Wednesday, November 19, 2003

Um, yay...

Massachusetts Court: State Wrong to Ban Gay Marriage

By Fred Barbash
Washington Post Staff Writer
Tuesday, November 18, 2003; 1:18 PM


Massachusetts' highest court today invalidated a state ban on same-sex marriages, ruling that the right to marry is "the right to marry the person of one's choice," regardless of gender.

It stopped short of immediately legalizing same-sex marriages, however, referring the issue to the Massachusetts legislature for action "appropriate" in light of the ruling.

By a 4-3 vote, the state's Supreme Judicial Court said Massachusetts was violating its state constitution by denying the "legal, financial and social benefits of marriage" to people of the same sex who wish to marry.

It rejected the state's chief argument in favor of the ban: that the purpose of marriage is "procreation." That, the court concluded, is largely a cover for "persistent prejudices" against homosexuals.

It then took the extraordinary step of redefining the common law definition of marriage in Massachusetts.

Marriage, under the law, is not merely a union between a man and a woman, the court said.

Rather, it is "the voluntary union of two persons as spouses, to the exclusion of all others."

It is a "civil right," Chief Justice Margaret H. Marshall wrote for the court, guaranteed by the state constitution's commitment to "the dignity and equality of all individuals."

Marshall left no doubt that the court expected conformance by the legislature. The "marriage ban," she wrote for the court, "works a deep and scarring hardship . . . for no rational reason."

The legislature, however, is free to amend the state constitution to overrule today's decision. There was some speculation today that a battle over a state constitutional amendment would be the next step in the Massachusetts controversy.

The ruling is similar to a 1999 Vermont Supreme Court decision, which led to its legislature's approval in 2000 of civil unions that give couples many same benefits of marriage.

The Massachusetts decision went further, however, by adhering to the concept of "marriage" alone. Marriages are recognizable across state lines. Civil unions are not.

Courts in Hawaii and Alaska have previously ruled that the states did not have a right to deny marriage to gay couples, but those decisions were overturned by the adoption of state constitutional amendments.

Gary Buseck, executive director of Gay & Lesbian Advocates & Defenders, said the seven couples who sued the state seeking the right to marry were "ecstatic" over the decision, which he called "a flat out victory," the Associated Press reported.

Massachusetts Gov. Mitt Romney, a Republican, criticized the court's decision and said he would support a state constitutional amendment.

Paul Martinek, editor of Lawyers Weekly USA, told the Associated Press that the ruling was "historic" even though it did not immediately legalize same-sex marriages.

"The court appeared to be on the verge of announcing that same sex couples have the right to same-sex marriage but they took a tiptoe back from the cliff and allowed the legislature to adopt something that is not marriage in name but in all other respects," Martinek said.

"This court is going one step further than Vermont. This court is saying marriage is required or the benefits of marriage are required. But they did put the ball back in the legislature's court," he said.

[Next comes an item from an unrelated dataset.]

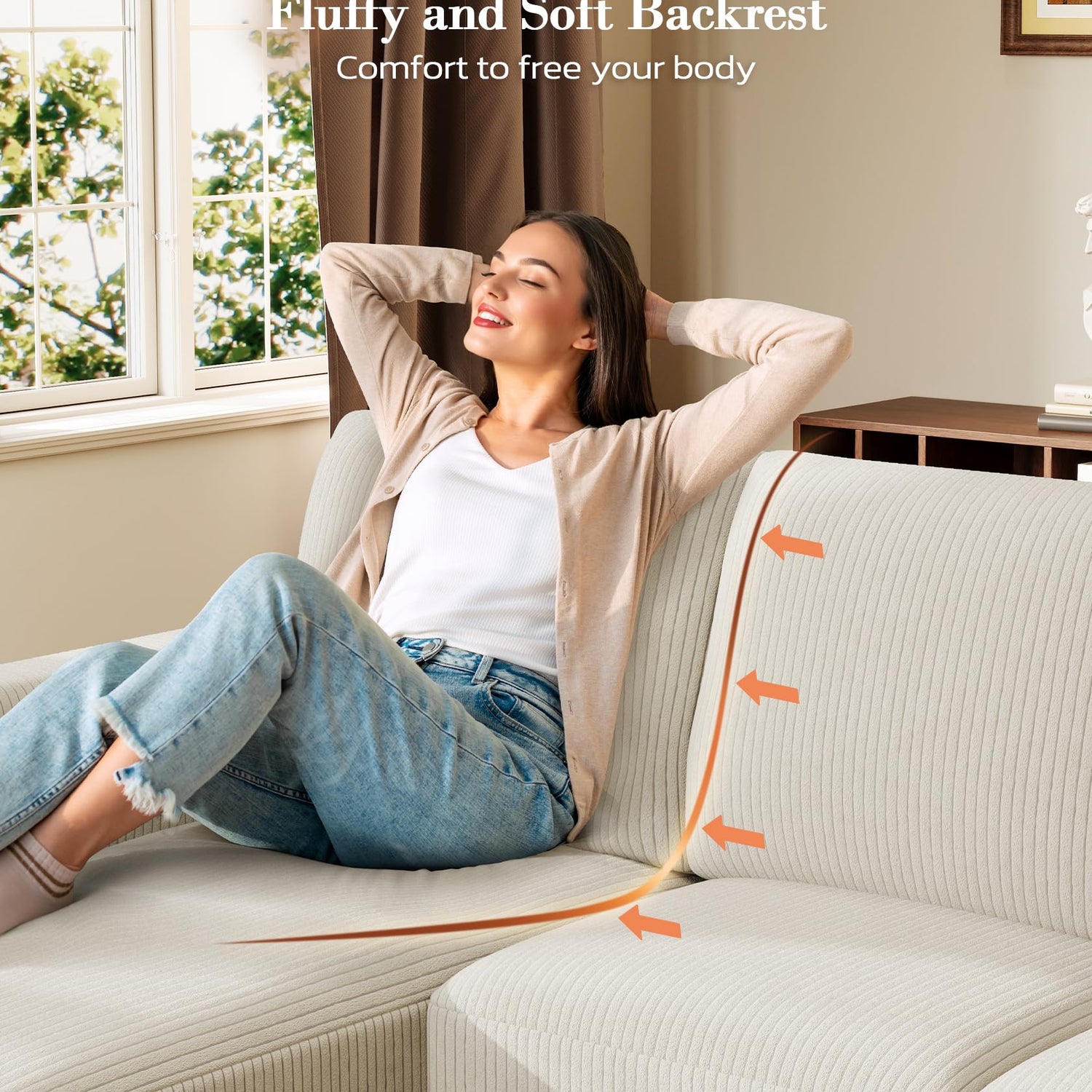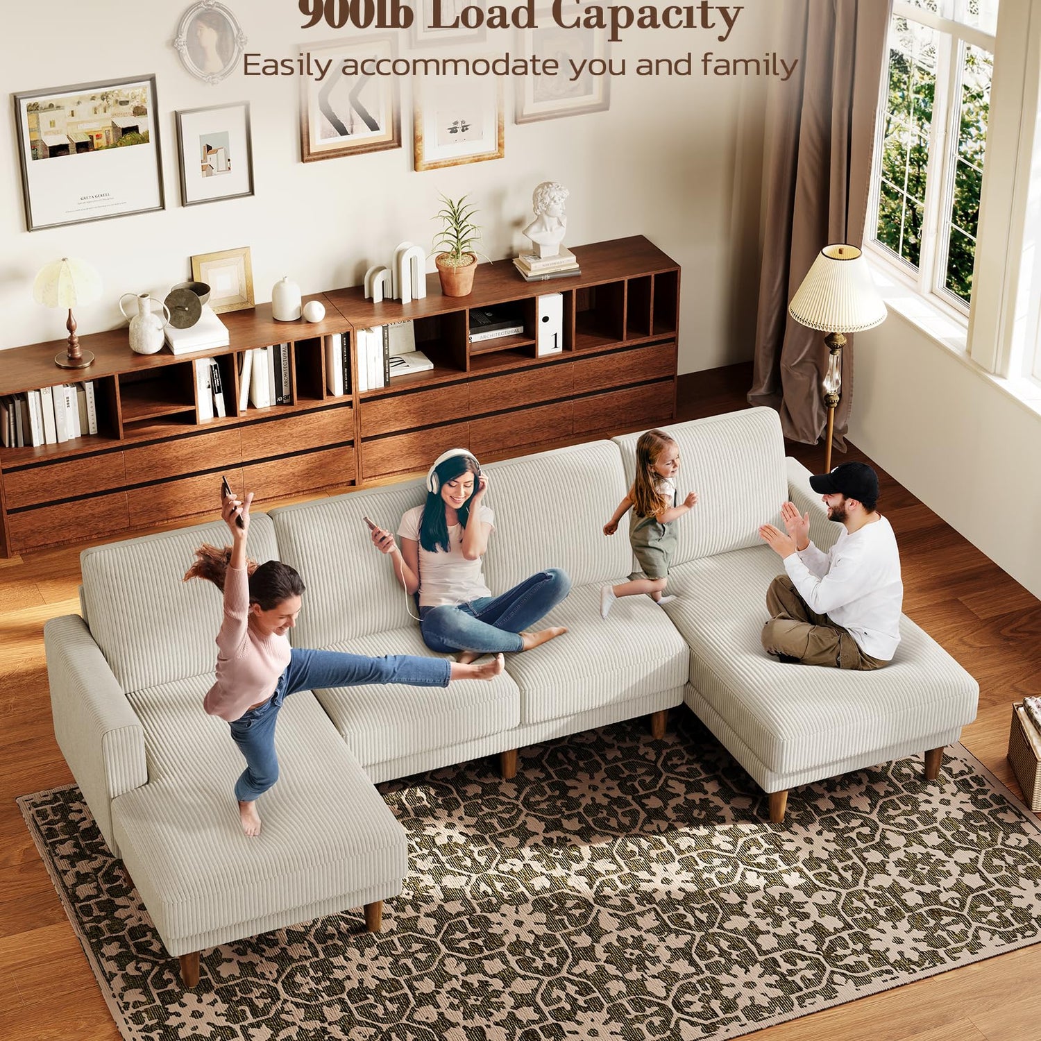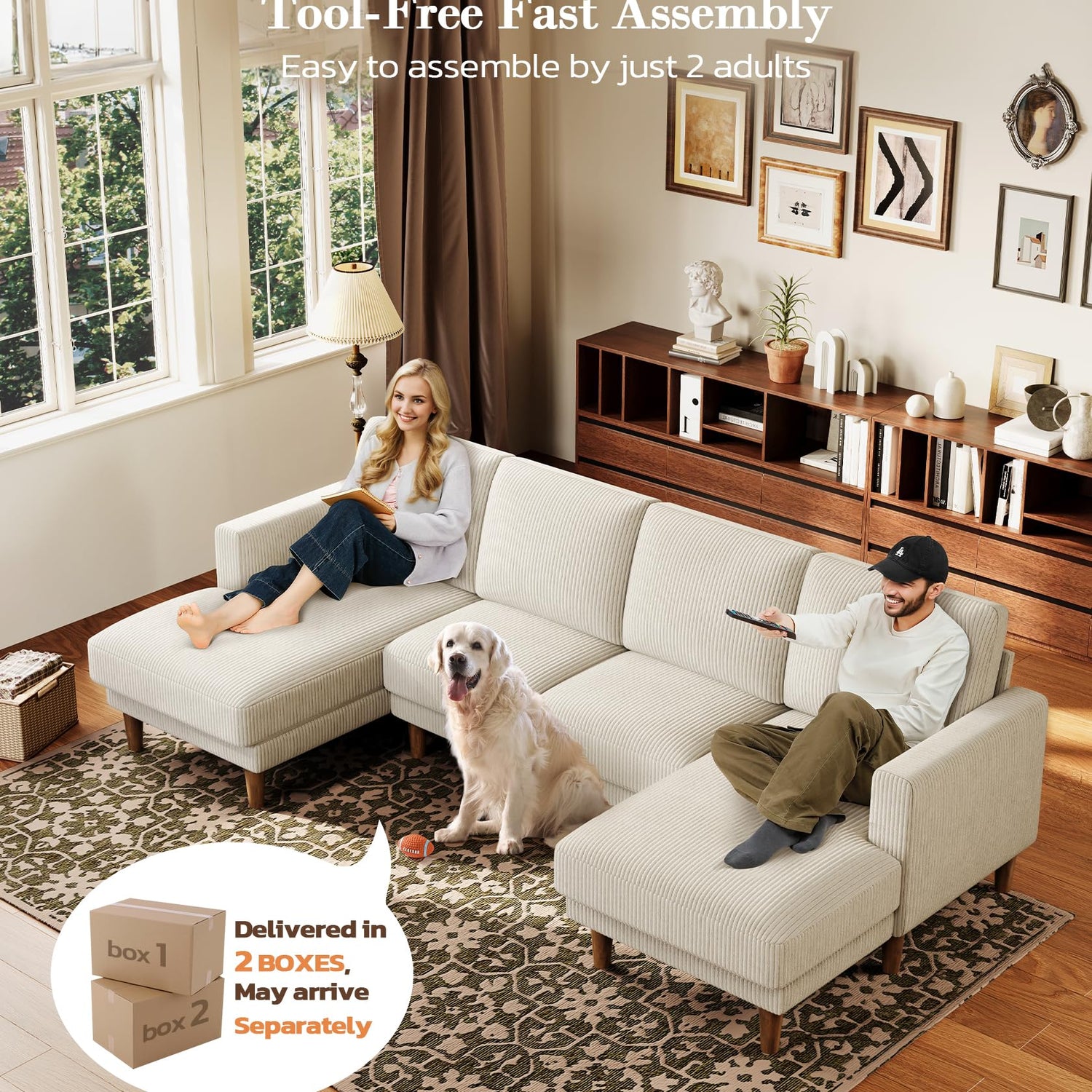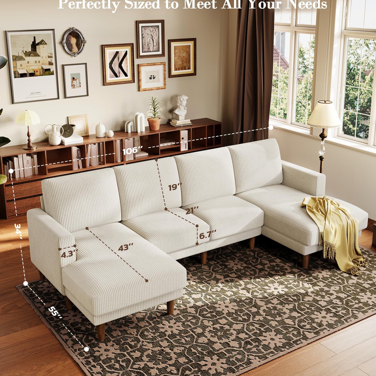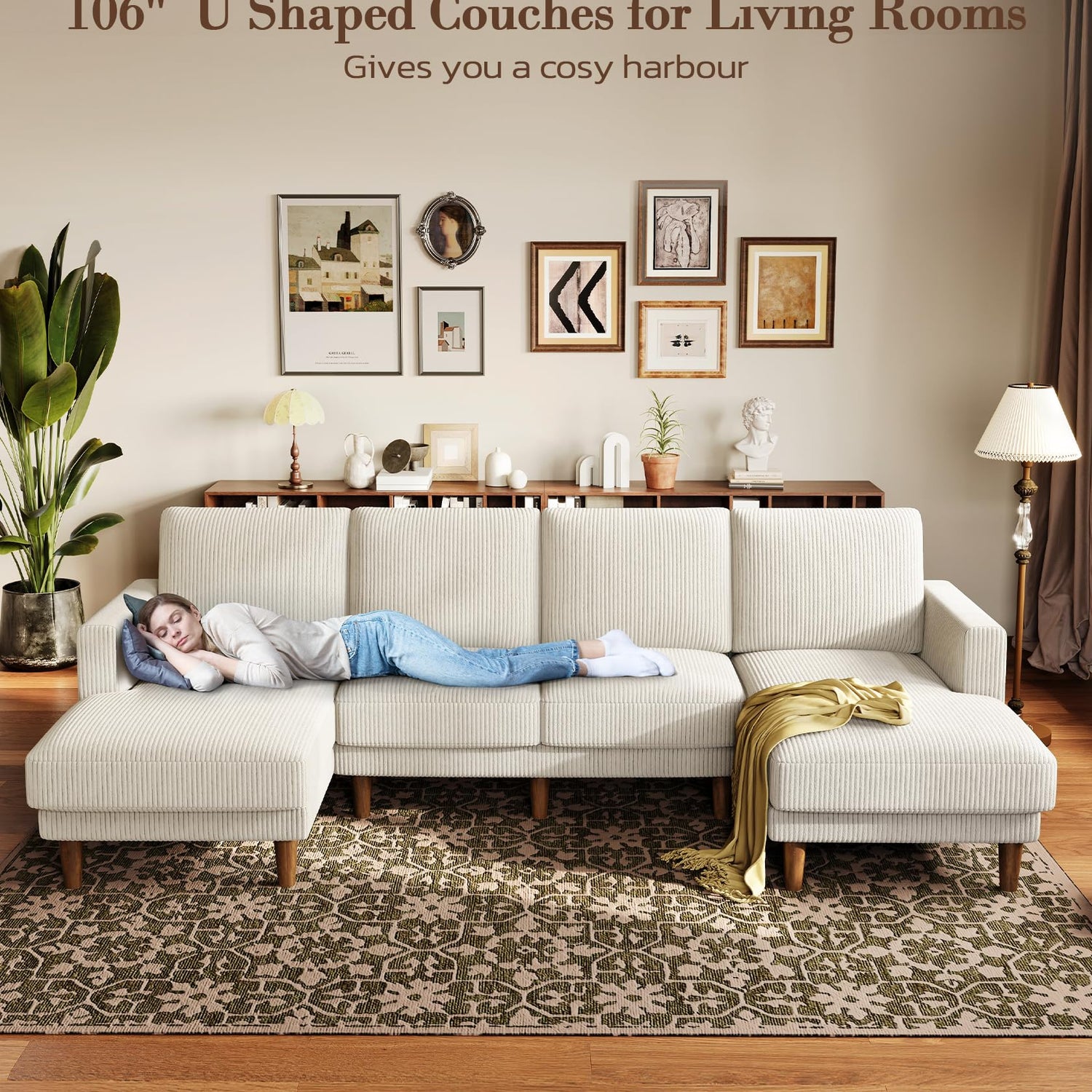 Kidirect 106" Beige U Shaped Couch with Chaises, Corduroy Sectional Couches for Living Room No Tool Assembly, 4 Seats Loveseat Sofa Comfy Sectional Sofas for Living Room Apartment Home 900lb Load

The Massachusetts court declined to order that marriage licenses be issued to the seven couples who brought the suit at issue today, choosing to let the legislature take action it considers "appropriate in light of this opinion."

Dissenting were Justices Francis X. Spina, Martha B. Sosman and Robert J. Cordy. They said the marriage laws were the province of the state legislature, not the court, which should not be substituting its judgment of that of popularly elected legislators.

All the couples who brought suit in April, 2001 had been together for long periods of time -- from 30 years to 7. The ranged in age from 60 to 35 and most had children. Included among the plaintiffs were an investment banker, an engineer, a business executive and a lawyer. All were denied marriage licenses.

The court said that "the benefits accessible only by way of a marriage license are enormous, touching nearly every aspect of life and death," including the ownership of property, the laws of inheritance, insurance coverage and especially, the "presumptions of legitimacy and parentage of children. . . . "

"Without the right to marry . . . one is excluded from the full range of human experience and denied full protection of the laws."

It rejected all of the state's stated rationales for such an exclusion, which included creating a "favorable setting for procreation" and "child-rearing." It concluded that the marriage restriction is really "rooted in persistent prejudices against persons who are (or who are believed to be) homosexual."

"It cannot be rational under our laws, and indeed it is not permitted, to penalize children by depriving them of State benefits because the State disapproves of their parents' sexual orientation."